Les ophiolites du Cap Corse enregistrent des conditions métamorphiques variées, ce qui suggère un échantillonnage de la plaque plongeante à différentes profondeurs lors de la subduction. Ces massifs sont assemblés lors de leur exhumation dans le prisme d’accrétion. Les ophiolites à serpentinites du Cap Corse sont de petite taille (au maximum kilométrique) et associées à l’unité des Schistes Lustrés des Alpes. Leur histoire géodynamique est rattachable au prisme d’accrétion. L’évolution pétro-géochimique de ces ophiolites seraient donc comparable à celle des serpentinites du Queyras.
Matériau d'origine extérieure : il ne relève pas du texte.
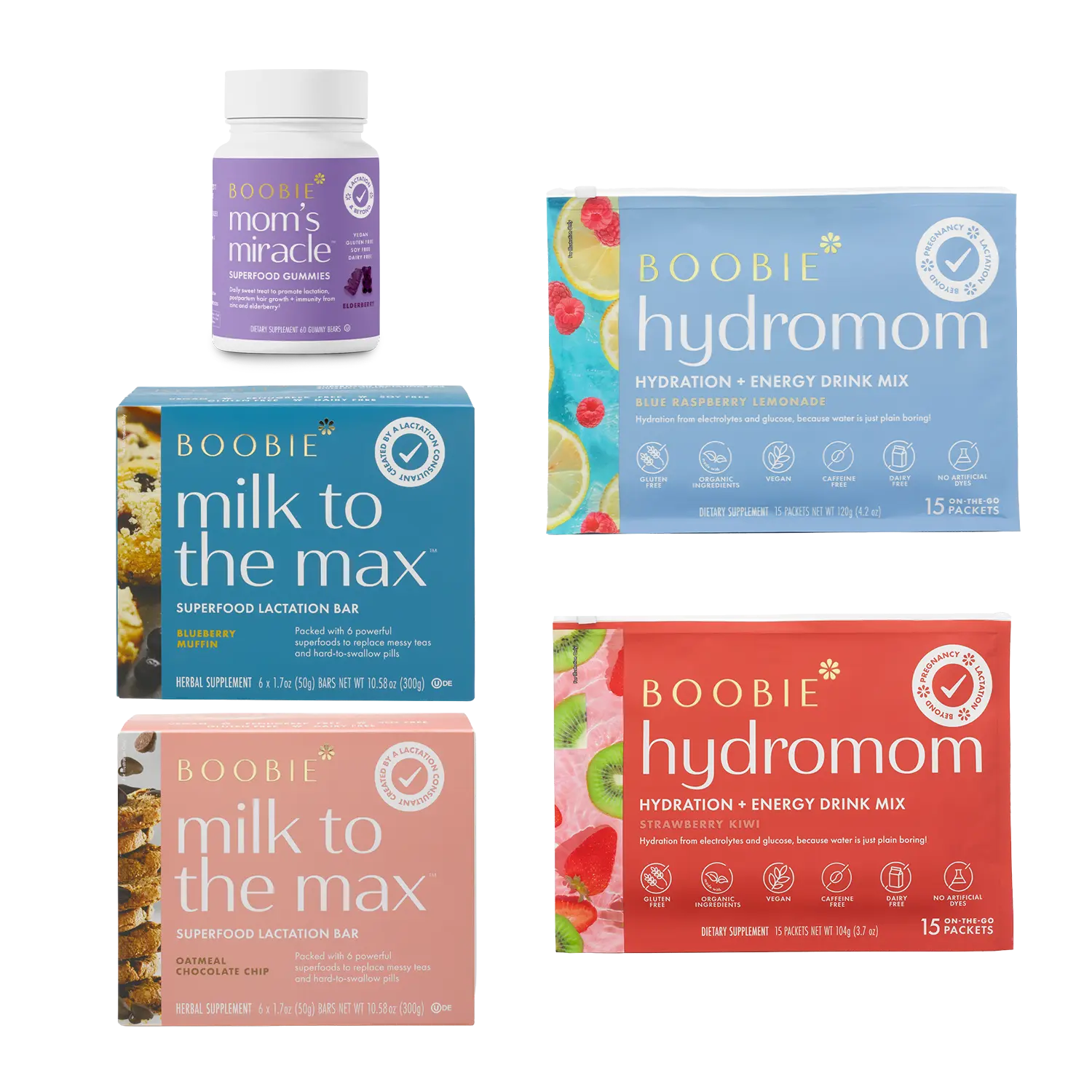 5. Boobie* Superfoods - The Milk Maker Kit - Maternity Supplements to Support Lactation, Electrolytes, Lactation Bars & Superfood Gummies

Au contraire, le massif ultrabasique du Monte Maggiore n’est pas directement en contact avec les métasédiments du prisme d’accrétion. L’étude géochimique de l’enveloppe de serpentinite au Sud du massif montre que ces roches n’ont pas été contaminées et enrichies en FME lors d’interactions sédiments/serpentinites (e.g. Queyras). En effet, cette ophiolite étant peu déformée, très volumineuse (plusieurs km2) et pas en contact direct avec des sédiments, il est peu probable que des interactions sédiments / serpentinites puissent modifier significativement la composition de l’ensemble des serpentinites du massif.